Update: This update is up at the top so that some people may keep their blood pressure in check. Since I posted this, Google, or at least Matt Cutts on his personal blog, did indeed choose to communicate with me, saying that they did try to send a warning email. They posted it, and it was a good email, with sufficient information that if I had actually received it, it would have been perfectly reasonable as something to orient me to fix the problem on the TOA site. Over on Matt’s blog, I suggested making warning email content available through the Google Webmaster Tools interface. I think that is being considered. And, best of all, Google re-indexed the TOA site on 2006/12/05. Back to the original post:
Google has done a lot of cool and useful things. But in one area, Google has failed badly in setting its policy. It has to do with when Google decides to de-index a website, that is, to remove all references to an entire domain from any search returns that it provides. You might think that a company that prides itself upon advanced textual analysis and automated decision-making algorithms might provide helpful warning messages to webmasters concerning problems found in their sites. You would be wrong. [Google’s Matt Cutts says that Google did send a warning email that I did not receive. — WRE] If Google decides that there is a problem, they will de-index the entire site, never attempt to communicate with the webmaster concerning their action, and (this is the big problem part) they refuse to tell a webmaster what the problem was or where the problem occurred, whether or not the webmaster deliberately created the problem or was the victim of some of the all-too-common website cracking that happens nowadays. Google’s policy of keeping problems secret is harmful, and in fact favors cheaters over honest webmasters.

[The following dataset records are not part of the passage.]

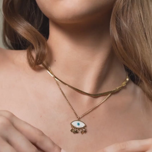 Evil Eye Herringbone Multilayer Necklace - 18K Gold Plated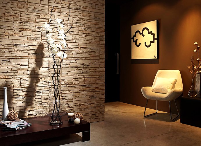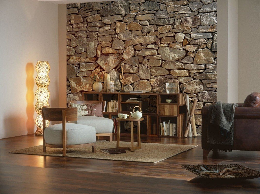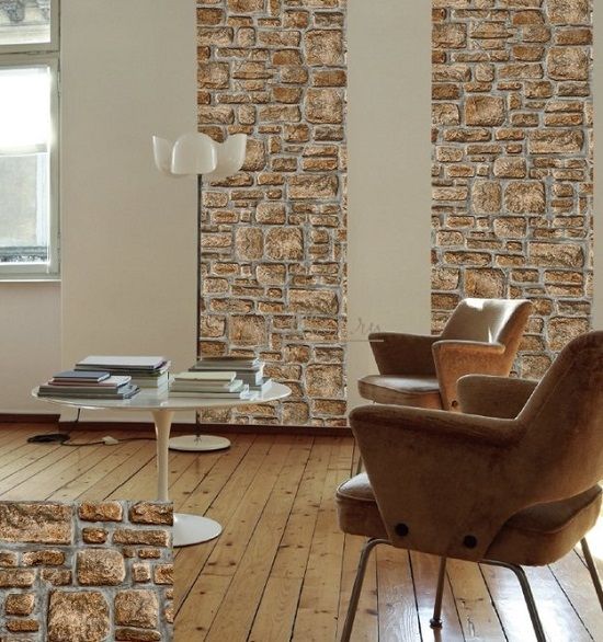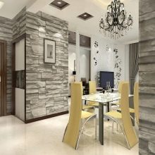 Ces papiers peints peuvent remplacer de façon spectaculaire la pierre naturelle dans la décoration. Ils donneront à l'intérieur de l'originalité, du charme et du confort. Les possibilités des technologies modernes sont nombreuses - il est aujourd'hui possible d'imiter une pierre avec une précision telle qu'il est impossible de distinguer le matériau de finition du naturel à première vue.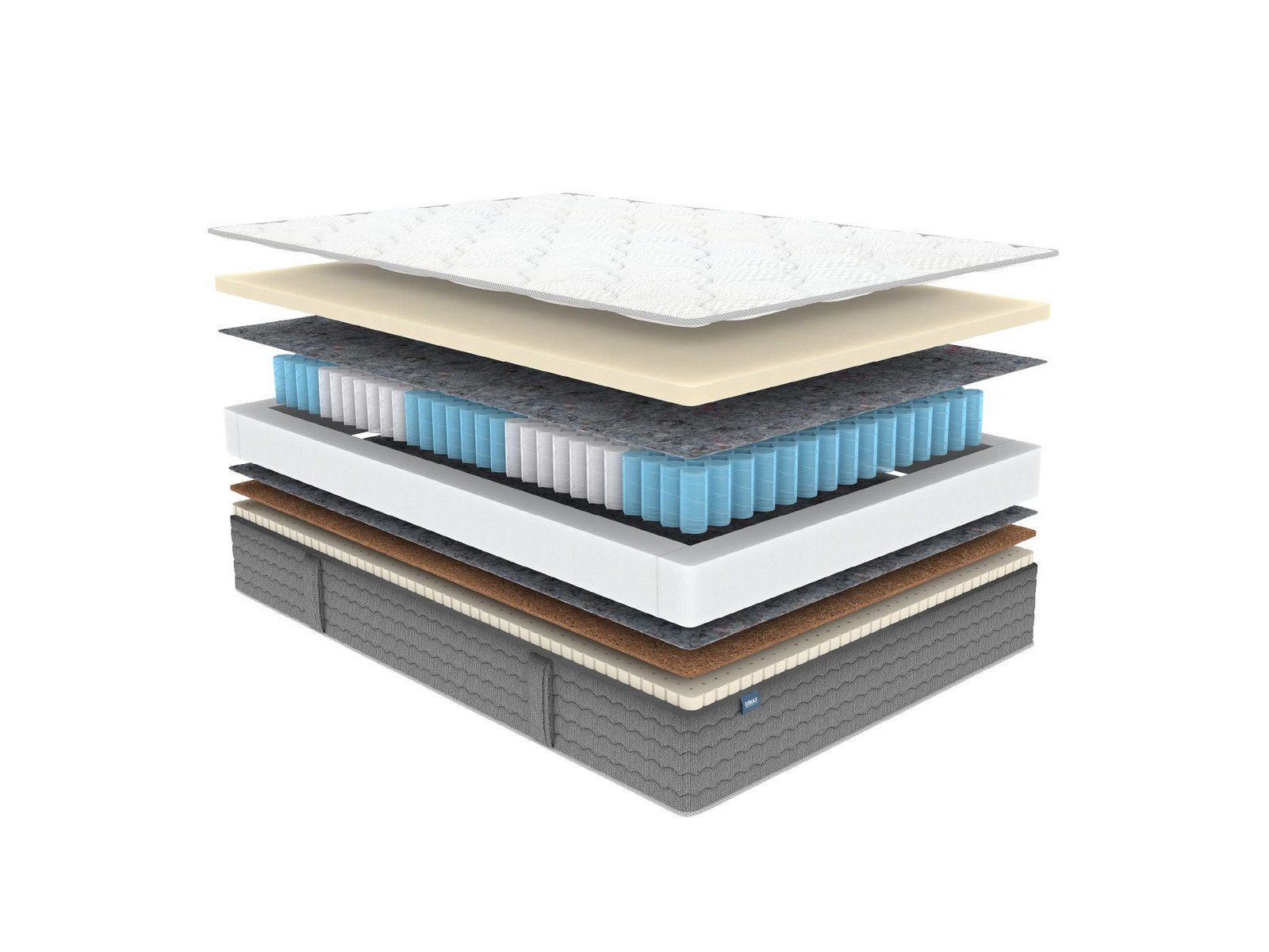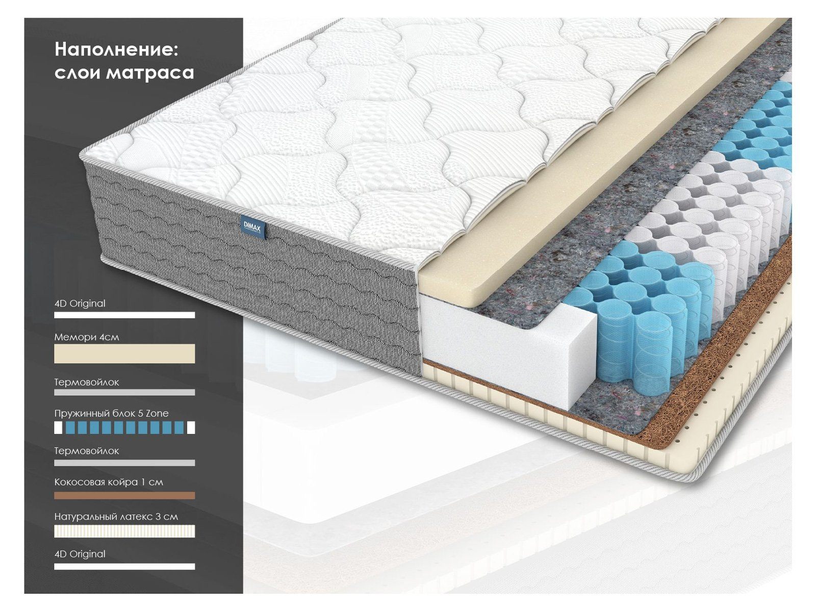 Матрас сочетает природный комфорт от кокоса и латекса на одной стороне с нежной пеной Мемори на другой, а 5-зональный блок гарантирует точечную ортопедическую поддержку.

How do I know this? Because my website got cracked and Google decided to de-index it.
No pages from your site are currently included in Google’s index due to violations of the webmaster guidelines. Please review our webmaster guidelines and modify your site so that it meets those guidelines. Once your site meets our guidelines, you can request reinclusion and we’ll evaluate your site.

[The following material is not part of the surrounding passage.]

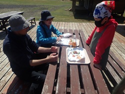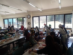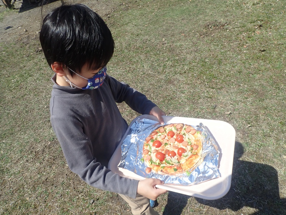 青空の下、春の風を感じながら、できたてのピザを味わっていただきました。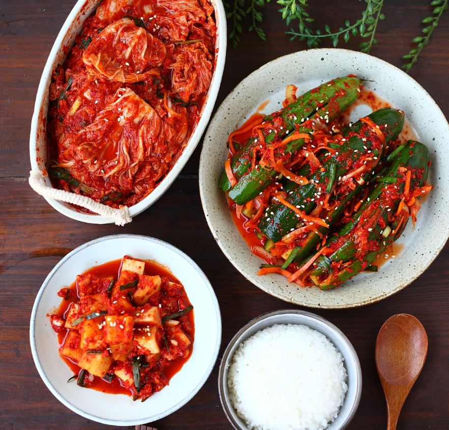 El Kimchi es un plato tradicional coreano cuyos componentes pueden variar, pero generalmente incluyen alguna combinación de vegetales, ajo, jengibre, chiles, sal y salsa de pescado. La mezcla se encurte y fermenta, lo cual originalmente era una manera de preservar los vegetales durante los meses de invierno. La col es el vegetal más comúnmente usado para hacer kimchi, aunque también se utilizan frecuentemente zanahorias, rábanos, pepinos y cebollines. Hay cientos de recetas de kimchi que varían dependiendo de la región y la temporada en la que se producen, y es muy fácil hacerlo un plato vegano manteniendo todos los ingredientes a base de plantas.

I got to that message about the TalkOrigins Archive (TOA) sometime early Friday morning. A post on the talk.origins newsgroup cc’d to my email gave me a heads-up that the TOA no longer appeared in the Google index. That site is also my responsibility, so I started looking into the problem.
First, I just tried looking at Google’s public information about the TOA. That was all happy news, with a cute check-mark graphic and the note that the TOA was successfully indexed last on November 27th. I then claimed the TOA as my website through Google’s Webmaster Tools and verified it. Then, I got the rather different site summary that is quoted at the beginning of this message.
So, what, precisely, was causing Google to not like us anymore? The essential lesson here is that Google would not tell us. That isn’t mere caprice; that is Google policy. I tried to find a more extensive explanation since the first thing was labeled “Summary”. No such luck. That is not available via Googe Webmaster Tools. There was a listed phone number for Google, so I tried calling them. After proceeding as directed through their phone menu, I got a recorded message that all issues to do with indexing were handled through the web site and that Google did not offer any customer service via the phone. There was, of course, nothing further available from the web site, with the exception of the form for requesting reinclusion of a site. That doesn’t tell you anything about your problem in particular.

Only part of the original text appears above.